When it comes to pregnancy men are, quite simply, outsiders. This is true no matter how much some try to co-opt the female birthing experience by creating their Improved Race of Born-Agains. My claim here is not novel but I tend to believe that men, who have never had and will never have the capacity to become pregnant, who have never been denied educational and occupational opportunities due to their capacity to become pregnant, and who have never been told that their reproductive capacities have rendered them too frail and weak to do anything worth doing in the public sphere are incapable of truly understanding and empathizing with the conflict between a woman's right to control her body and the right of a fetus to subsist on that woman's body. In short, because men do not have the capacity to become pregnant and because it necessarily benefits men when women's right to abortion (and birth control for that matter) is denied, I am suggesting that it could very well be a blatant conflict of interest for men to have a say in any of this.

For instance, a notable part of the Supreme Court male majority effectively upheld the elimination of women's right to make informed decisions about their own bodily safety by expressing concern for the distress that late-term abortion causes women. The Supreme Court, as lone Uterus-Justice Ruth Bader Ginsburg noted, has a long and unfortunate past of finding women to be in need of male protection, due to women's "natural and proper timidity and delicacy." This male-centric view, however, fails to acknowledge just how beneficial it is to men to promote an ideology in which men must valiantly protect women from their own choices.

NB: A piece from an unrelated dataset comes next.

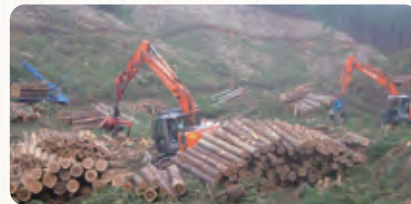
大型重機による皆伐作業

平均年齢は、41歳！ 20、30代が多く、活気 のある職場です。ほとん どの職員が未経験から始 めています。一緒に頑張 りましょう！

In the reality-based world, as opposed the "reality" that some men invent, full equality means acknowledging that women are strong enough to live with the choices they make. Throughout history, women have been helping other women have abortions long before male medical and legal authorities granted themselves entitlement to control birthing and abortion processes.

Perhaps it takes a woman to know that chipping away at a woman's right to control and protect her own body, under the guise of protecting her from emotional "distress," is not some sort of neutral objective necessity. Rather, it is a transparent attempt for males to continue entitling themselves to the control of women's bodies and to continue treating the bodies of women as community property.